▸ **Work item**: Please retype the entries that follow exactly as they are, leaving the images behind.

▸ **Extracted information**:
§ §
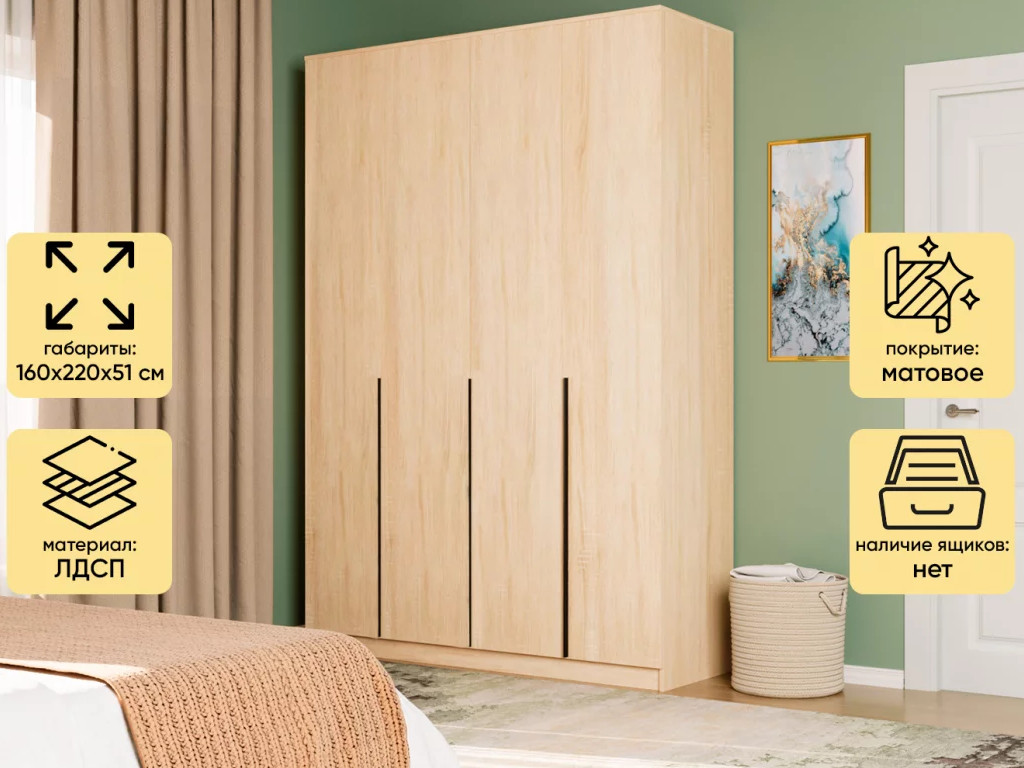 Шкаф Монблан New распашной 1600 4-х дверный Дуб сонома
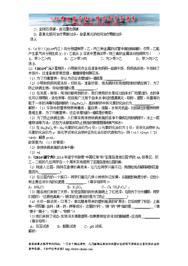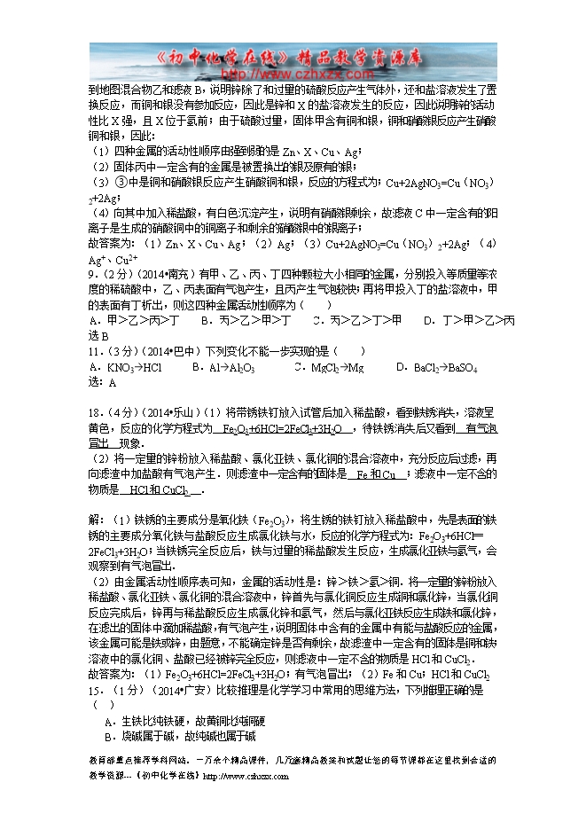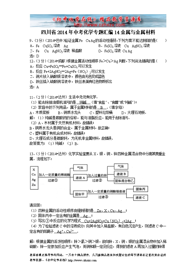 四川省2014年中考化学专题汇编:14金属与金属材料
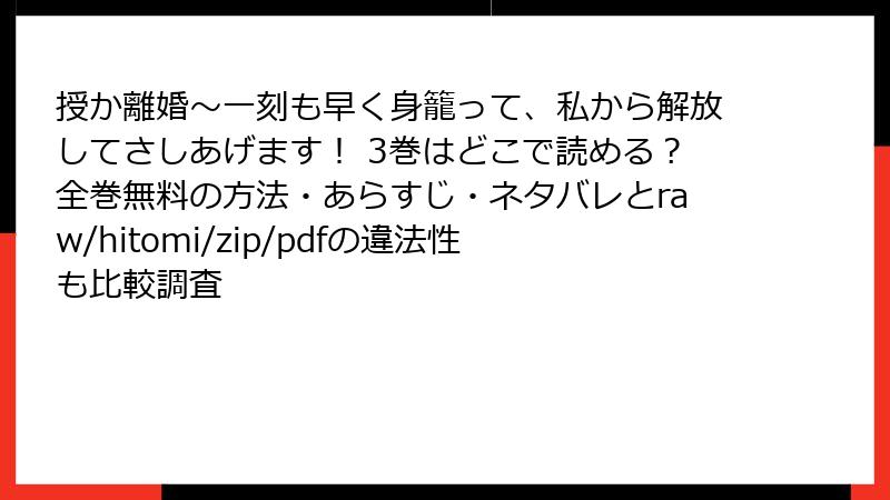 人気のファンタジーラブロマンス漫画『授か離婚~一刻も早く身籠って、私から解放してさしあげます!』を楽しみたいと思っている読者の中には、海賊版サイトを利用しようとする人もいるかもしれません。しかし、raw、hitomi、zip、pdf、漫画バンクなどの違法サイトで読む行為は、さまざまな深刻なリスクを伴います。この記事では、それらのリスクを法的、セキュリティ、品質・倫理的観点から詳しく解説します。海賊版サイトの利用は避け、正規の方法を選ぶことを強くおすすめします。
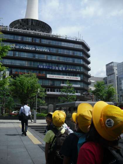 6月10日(水),よいお天気の中,京都市の様子を見るために京都タワーへ行きました。円町⇔二条⇔丹波口⇔京都駅と,JR嵯峨野線に乗り,朱二校を電車から見るという
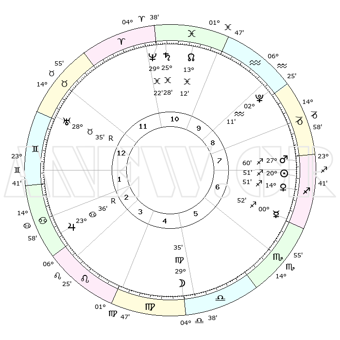 | | ΘΕΣΕΙΣ ΠΛΑΝΗΤΩΝ ΑΣΤΡΟΛΟΓΙΚΟΥ ΧΑΡΤΗ ΤΗΣ ΣΤΙΓΜΗΣ ΑΥΤΗΣ | | | | Πλανήτης | Ζώδιο | Μοίρες | Δεκαήμ. | Σε οίκο | Απόκλιση | | Ακμές των οίκων | | Ηλιος | Τοξότης | 20°46' | Τρίτο | 8 | 23 S 07 | | 1ος | 23°41' | Ταύρος | | Σελήνη | Παρθένος | 28°38' | Τρίτο | 5 | 00 S 42 | | 2ος | 19°51' | Δίδυμοι | | Ερμής | Τοξότης | 00°46' | Πρώτο | 7 | 18 S 31 | | 3ος | 11°32' | Καρκίνος | | Αφροδίτη | Τοξότης | 14°45' | Δεύτερο | 7 | 22 S 18 | | 4ος | 03°53' | Λέων | | Αρης | Τοξότης | 27°56' | Τρίτο | 8 | 24 S 10 | | 5ος | 01°19' | Παρθένος | | Δίας | Καρκίνος | 23°36'R | Τρίτο | 3 | 21 N 33 | | 6ος | 08°41' | Ζυγός | | Κρόνος | Ιχθείς | 25°28' | Τρίτο | 11 | 03 S 56 | | 7ος | 23°41' | Σκορπιός | | Ουρανός | Ταύρος | 28°35'R | Τρίτο | 1 | 19 N 39 | | 8ος | 19°51' | Τοξότης | | Ποσειδώνας | Ιχθείς | 29°22' | Τρίτο | 11 | 01 S 29 | | 9ος | 11°32' | Αιγόκερως | | Πλούτωνας | Υδροχόος | 02°11' | Πρώτο | 9 | 23 S 20 | | 10ος | 03°53' | Υδροχόος | | Β. Δεσμός | Ιχθείς | 13°12' | Δεύτερο | 11 | 06 S 36 | | 11ος | 01°19' | Ιχθείς | | Ωροσκόπος | Ταύρος | 23°41' | Τρίτο | | | 12ος | 08°41' | Κριός | | Μεσουράνημα | Υδροχόος | 03°53' | Πρώτο | | | |
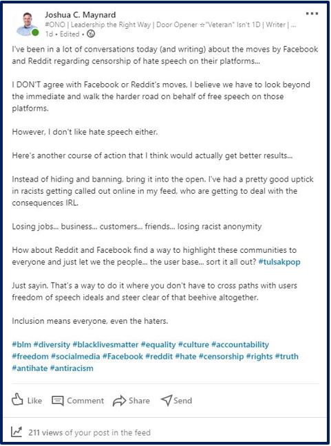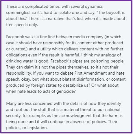 I want to support Color of Change, and stopping hate for profit, but I don’t agree with their demands on FB. I’m glad they’re getting headlines for their cause, but this is unrealistic scapegoating of Facebook for PR. Taking action against racist, violent, and verifiably false content is basically a war against Facebook’s core product: Americans’ hot air.
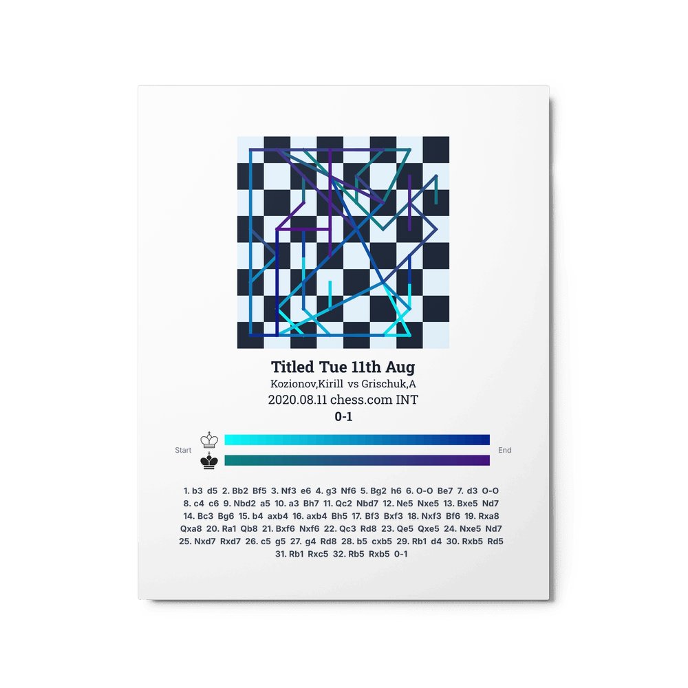Museum-quality poster on thick, durable matte paper. A sharp, clean look for any chess visualisation.
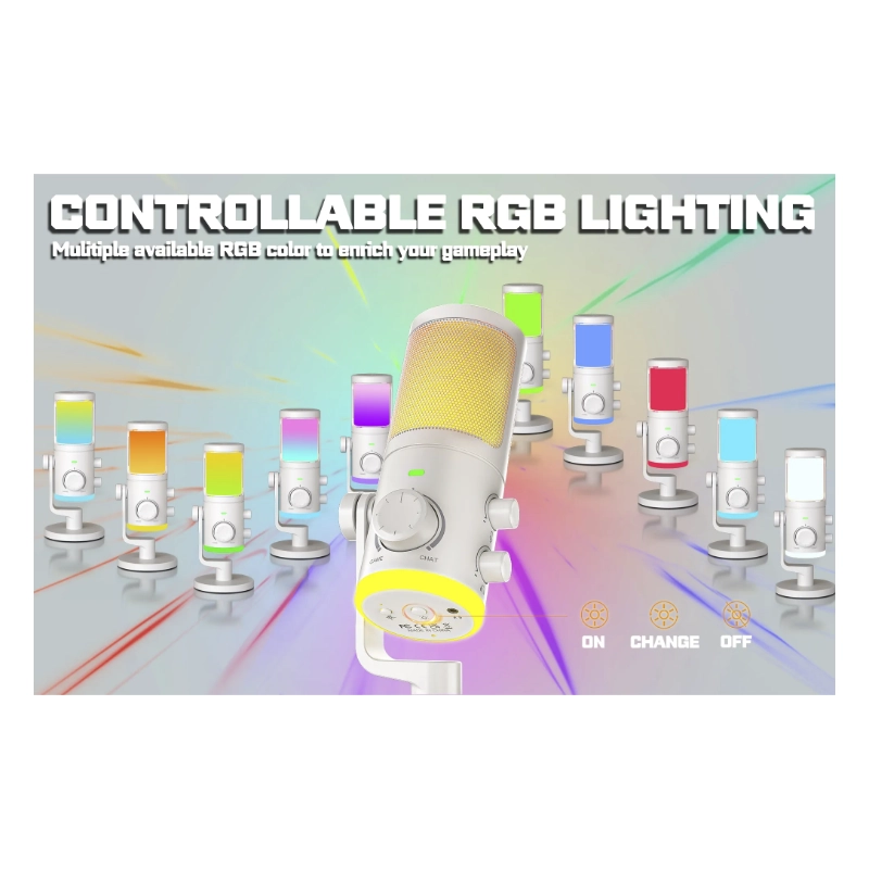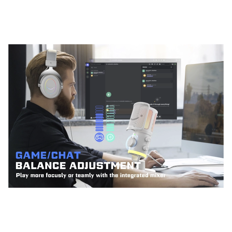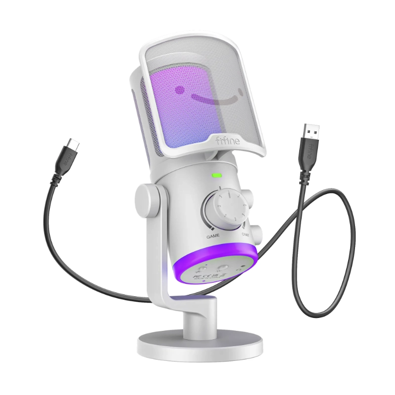 Microfono Fifine Am6 Ampligame (Am6-w) Blanco, Equilibrio De Chat De Juego, Boton De Silencio, Pc/ps4/ps5, Led-rgb
§ §
▸ **Exercise solution**:
 Шкаф Монблан New распашной 1600 4-х дверный Дуб сонома
 四川省2014年中考化学专题汇编:14金属与金属材料
 人気のファンタジーラブロマンス漫画『授か離婚~一刻も早く身籠って、私から解放してさしあげます!』を楽しみたいと思っている読者の中には、海賊版サイトを利用しようとする人もいるかもしれません。しかし、raw、hitomi、zip、pdf、漫画バンクなどの違法サイトで読む行為は、さまざまな深刻なリスクを伴います。この記事では、それらのリスクを法的、セキュリティ、品質・倫理的観点から詳しく解説します。海賊版サイトの利用は避け、正規の方法を選ぶことを強くおすすめします。
 6月10日(水),よいお天気の中,京都市の様子を見るために京都タワーへ行きました。円町⇔二条⇔丹波口⇔京都駅と,JR嵯峨野線に乗り,朱二校を電車から見るという
 | | ΘΕΣΕΙΣ ΠΛΑΝΗΤΩΝ ΑΣΤΡΟΛΟΓΙΚΟΥ ΧΑΡΤΗ ΤΗΣ ΣΤΙΓΜΗΣ ΑΥΤΗΣ | | | | Πλανήτης | Ζώδιο | Μοίρες | Δεκαήμ. | Σε οίκο | Απόκλιση | | Ακμές των οίκων | | Ηλιος | Τοξότης | 20°46' | Τρίτο | 8 | 23 S 07 | | 1ος | 23°41' | Ταύρος | | Σελήνη | Παρθένος | 28°38' | Τρίτο | 5 | 00 S 42 | | 2ος | 19°51' | Δίδυμοι | | Ερμής | Τοξότης | 00°46' | Πρώτο | 7 | 18 S 31 | | 3ος | 11°32' | Καρκίνος | | Αφροδίτη | Τοξότης | 14°45' | Δεύτερο | 7 | 22 S 18 | | 4ος | 03°53' | Λέων | | Αρης | Τοξότης | 27°56' | Τρίτο | 8 | 24 S 10 | | 5ος | 01°19' | Παρθένος | | Δίας | Καρκίνος | 23°36'R | Τρίτο | 3 | 21 N 33 | | 6ος | 08°41' | Ζυγός | | Κρόνος | Ιχθείς | 25°28' | Τρίτο | 11 | 03 S 56 | | 7ος | 23°41' | Σκορπιός | | Ουρανός | Ταύρος | 28°35'R | Τρίτο | 1 | 19 N 39 | | 8ος | 19°51' | Τοξότης | | Ποσειδώνας | Ιχθείς | 29°22' | Τρίτο | 11 | 01 S 29 | | 9ος | 11°32' | Αιγόκερως | | Πλούτωνας | Υδροχόος | 02°11' | Πρώτο | 9 | 23 S 20 | | 10ος | 03°53' | Υδροχόος | | Β. Δεσμός | Ιχθείς | 13°12' | Δεύτερο | 11 | 06 S 36 | | 11ος | 01°19' | Ιχθείς | | Ωροσκόπος | Ταύρος | 23°41' | Τρίτο | | | 12ος | 08°41' | Κριός | | Μεσουράνημα | Υδροχόος | 03°53' | Πρώτο | | | |
 I want to support Color of Change, and stopping hate for profit, but I don’t agree with their demands on FB. I’m glad they’re getting headlines for their cause, but this is unrealistic scapegoating of Facebook for PR. Taking action against racist, violent, and verifiably false content is basically a war against Facebook’s core product: Americans’ hot air.
Museum-quality poster on thick, durable matte paper. A sharp, clean look for any chess visualisation.
 Microfono Fifine Am6 Ampligame (Am6-w) Blanco, Equilibrio De Chat De Juego, Boton De Silencio, Pc/ps4/ps5, Led-rgb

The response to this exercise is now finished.